Payments integration
This integration connects the organization to its own payout account (today via Stripe Connect). Sales settle to the organization, and the platform may retain an application fee.
- Public status — any member can read whether there's a connection, the provider, and the
accountId(acct_…). This id is not a secret: charges use the platform key plus this id, with no per-organization secret to leak. - Restricted management — connecting, saving the account, and disconnecting require an owner or admin role. Disconnecting removes the connection in Cursiva but does not delete the Stripe account itself.
- Onboarding — creating the Stripe account and the onboarding link live in the payments layer; this area orchestrates the connection.
Once the account is connected, checkout, coupons, refunds, and payout timing all flow through the commercial side of your offerings. See Payments and payouts.
Video integration
This integration connects the organization to its own Cloudflare Stream account, to host videos uploaded by the producer themselves.

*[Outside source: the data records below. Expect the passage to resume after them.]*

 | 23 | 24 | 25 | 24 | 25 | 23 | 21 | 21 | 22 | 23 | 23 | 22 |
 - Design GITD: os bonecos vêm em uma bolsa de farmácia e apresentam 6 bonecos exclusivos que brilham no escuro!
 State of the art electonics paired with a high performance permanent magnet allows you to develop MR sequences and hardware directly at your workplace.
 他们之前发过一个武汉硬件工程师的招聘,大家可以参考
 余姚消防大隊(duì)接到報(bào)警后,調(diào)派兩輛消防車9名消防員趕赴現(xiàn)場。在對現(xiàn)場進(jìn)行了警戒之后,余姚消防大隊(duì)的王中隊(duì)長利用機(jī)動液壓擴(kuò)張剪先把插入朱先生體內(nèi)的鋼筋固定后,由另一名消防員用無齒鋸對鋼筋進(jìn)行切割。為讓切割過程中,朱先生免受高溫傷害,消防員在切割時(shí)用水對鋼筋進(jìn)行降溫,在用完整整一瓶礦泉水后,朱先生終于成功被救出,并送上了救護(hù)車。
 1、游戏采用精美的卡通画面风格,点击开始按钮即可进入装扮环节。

- Validated and encrypted credentials — when connecting, the account id and token are validated against Cloudflare before being saved; a typo fails on the spot, not silently at upload time. The token is stored encrypted and is only decrypted on the server.

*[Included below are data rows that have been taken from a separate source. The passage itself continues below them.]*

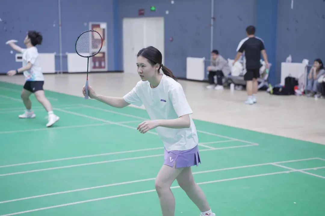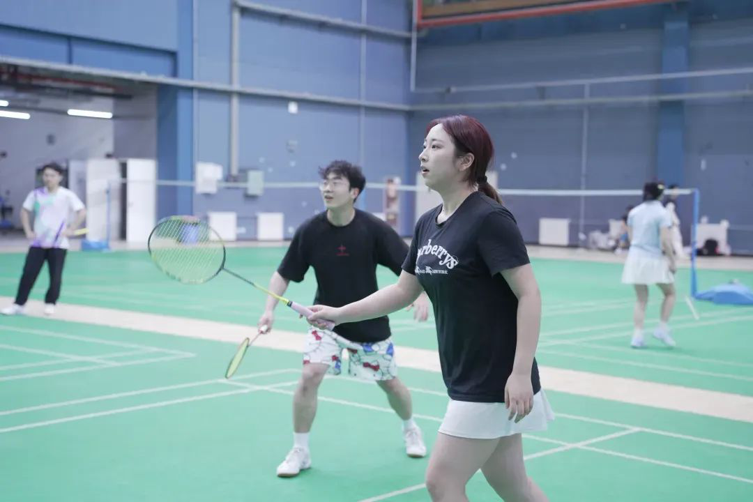 晨光初绽,羽毛球馆内已涌动起蓬勃朝气。四个公司的选手们早已就位。鞋胶与地板的摩擦声、球拍击球的脆响、电子计分器的滴答声,共同谱写出初夏清晨最激昂的序曲。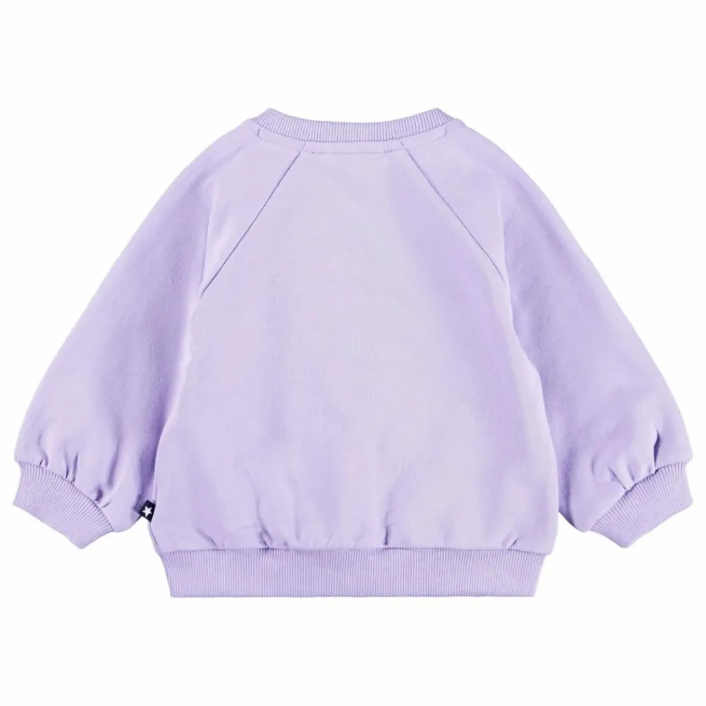 - Ce cardigan violet clair de Molo est fabriqué en jersey de coton biologique et comporte des volants sur le devant. Le cardigan a des manches raglan, des boutons pression et des bords côtelés au niveau du col, des manches et du bas.
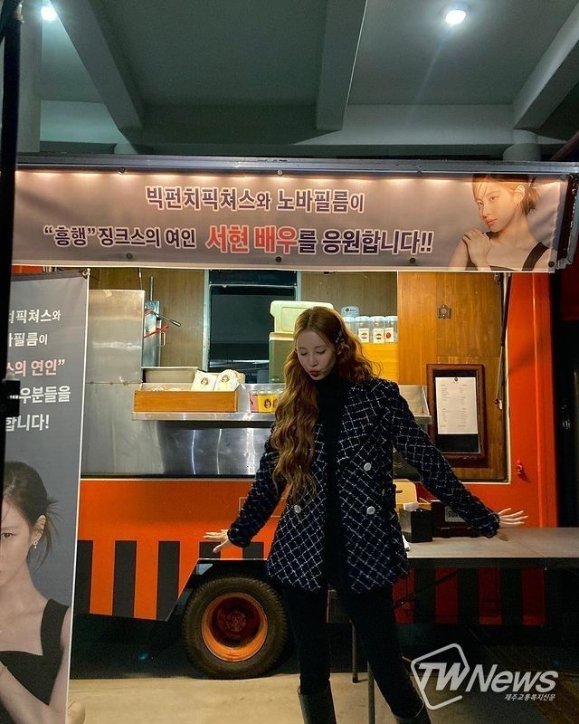 공개된 사진 속에는 ‘징크스의 연인’을 중인 서현 앞으로 온 커피차의 모습이 담겼다. 커피차의 현수막에는 “빅펀치픽쳐스와 노바필름이 ‘흥행’ 징크스의 여인 서현 배우를 응원합니다”라고 적혀있으며, 배너에는 “빅펀치픽쳐스와 노바필름이 징크스의 연인 스탭 및 배우분들을 응원합니다”라고 적혀있다. 이에 서현은 감사를 표하기 위해 커피차 앞에서 각종 자세를 선보이면서 인증샷을 찍었다.
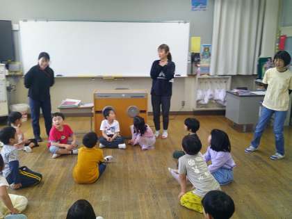 今日の朝学習の時間には、乾隆幼稚園の先生方にお越しいただきて、歌に合わせて自己紹介したり、自分の好きな物について言ったりする活動をしました。みんなとても楽しそうに活動に参加していました。

- Direct upload — any member can generate a single-use upload URL; the browser sends the file directly to the organization's Cloudflare account. The bytes don't pass through Cursiva's servers, and the cost account is the organization's. The resulting
uidis what the video block stores. - Restricted management — connecting and disconnecting require an owner or admin role. Disconnecting doesn't interrupt already-published videos, which keep playing via their
uid. - Status without secrets — reading the status never exposes the token.
Beyond self-hosting, the editor's video block also accepts YouTube, Vimeo, and Loom embeds — no video integration required. See Blocks.
Course embed
Cursiva exposes a public embed client (embed.js) to publish a course on external sites, in the style of Cal.com. It's a lightweight, dependency-free loader with three modes:
| Mode | Behavior |
|---|---|
inline | Renders the course in an iframe inside a page element |
popup | Opens the course in a modal on demand |
floatingButton | A fixed button that opens the modal |
The embed URL accepts a theme parameter (for example auto), read by the /embed page, so the embedded course can follow the host site's light or dark mode. Configure and copy the embed snippet from the content's own editing screen.
Integration best practices
- Record who set up each connection, which environment it uses, and how to revoke the credential.
- Treat every token and every secret as sensitive: shown once, stored as a hash or cipher, never in the frontend or screenshots.
- Test in the appropriate environment whenever you switch payment provider, video host, or embed target.